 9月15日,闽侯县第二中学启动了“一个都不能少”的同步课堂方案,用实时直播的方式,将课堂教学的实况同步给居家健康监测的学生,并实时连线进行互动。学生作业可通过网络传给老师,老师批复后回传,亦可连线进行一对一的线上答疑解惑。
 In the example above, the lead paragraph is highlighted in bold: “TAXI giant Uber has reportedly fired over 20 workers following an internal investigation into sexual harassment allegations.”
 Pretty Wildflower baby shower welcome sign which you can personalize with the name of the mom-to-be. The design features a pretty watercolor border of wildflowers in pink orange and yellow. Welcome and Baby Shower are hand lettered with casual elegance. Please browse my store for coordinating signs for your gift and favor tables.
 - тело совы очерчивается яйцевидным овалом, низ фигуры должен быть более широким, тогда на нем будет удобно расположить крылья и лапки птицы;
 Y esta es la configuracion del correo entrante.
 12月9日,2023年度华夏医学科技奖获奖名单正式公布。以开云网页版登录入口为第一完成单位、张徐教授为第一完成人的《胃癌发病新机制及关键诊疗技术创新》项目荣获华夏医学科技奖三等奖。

——————————

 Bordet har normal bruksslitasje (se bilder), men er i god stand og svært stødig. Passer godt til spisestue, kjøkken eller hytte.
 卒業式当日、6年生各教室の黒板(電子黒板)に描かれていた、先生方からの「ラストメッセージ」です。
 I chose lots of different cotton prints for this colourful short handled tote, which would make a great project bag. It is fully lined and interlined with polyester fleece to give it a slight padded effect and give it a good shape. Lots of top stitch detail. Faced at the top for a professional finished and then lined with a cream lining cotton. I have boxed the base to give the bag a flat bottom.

——————————

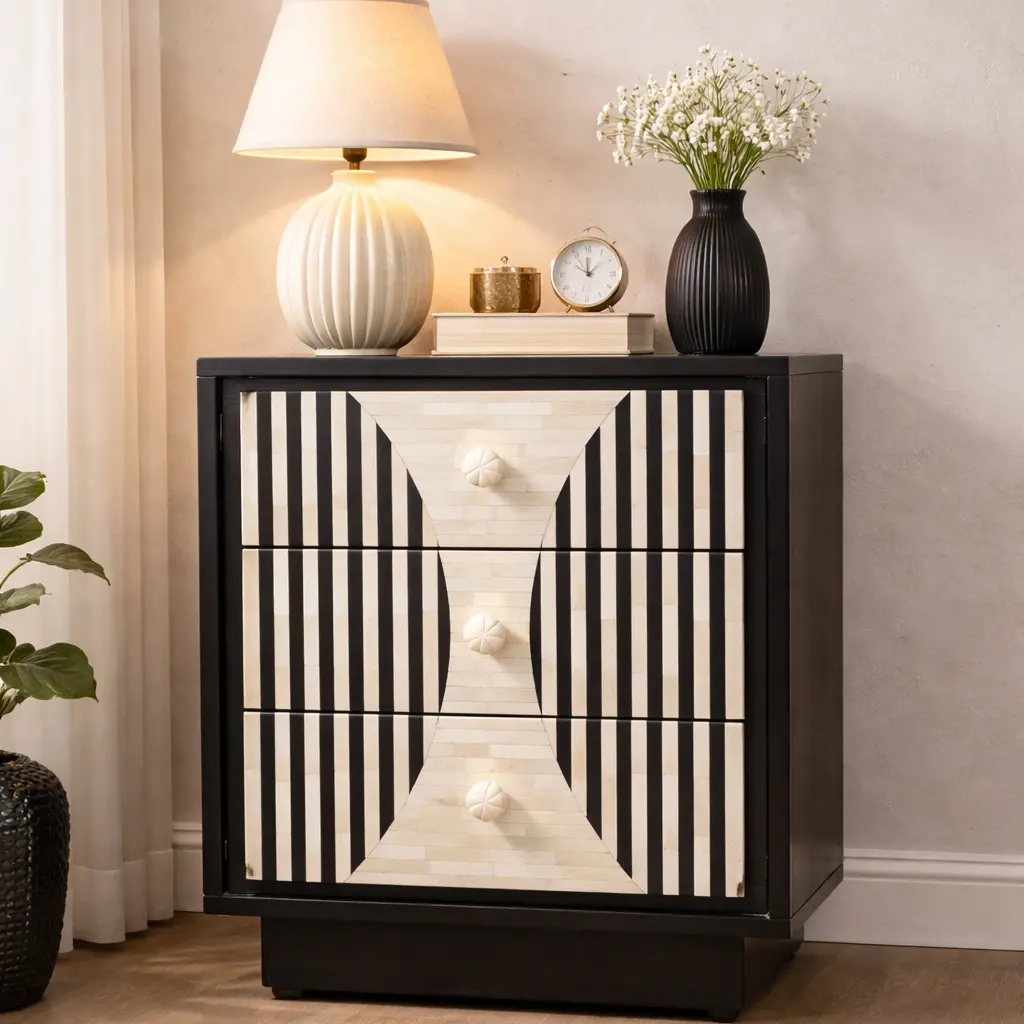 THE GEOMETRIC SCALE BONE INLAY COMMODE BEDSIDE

——————————

__Work order__
Reproduce, exactly as they stand in the data above, the lines from the one that holds "Y esta es la" to the one that holds "12月9日,2023年度华夏", inclusive.

__Expected answer__
 Y esta es la configuracion del correo entrante.
 12月9日,2023年度华夏医学科技奖获奖名单正式公布。以开云网页版登录入口为第一完成单位、张徐教授为第一完成人的《胃癌发病新机制及关键诊疗技术创新》项目荣获华夏医学科技奖三等奖。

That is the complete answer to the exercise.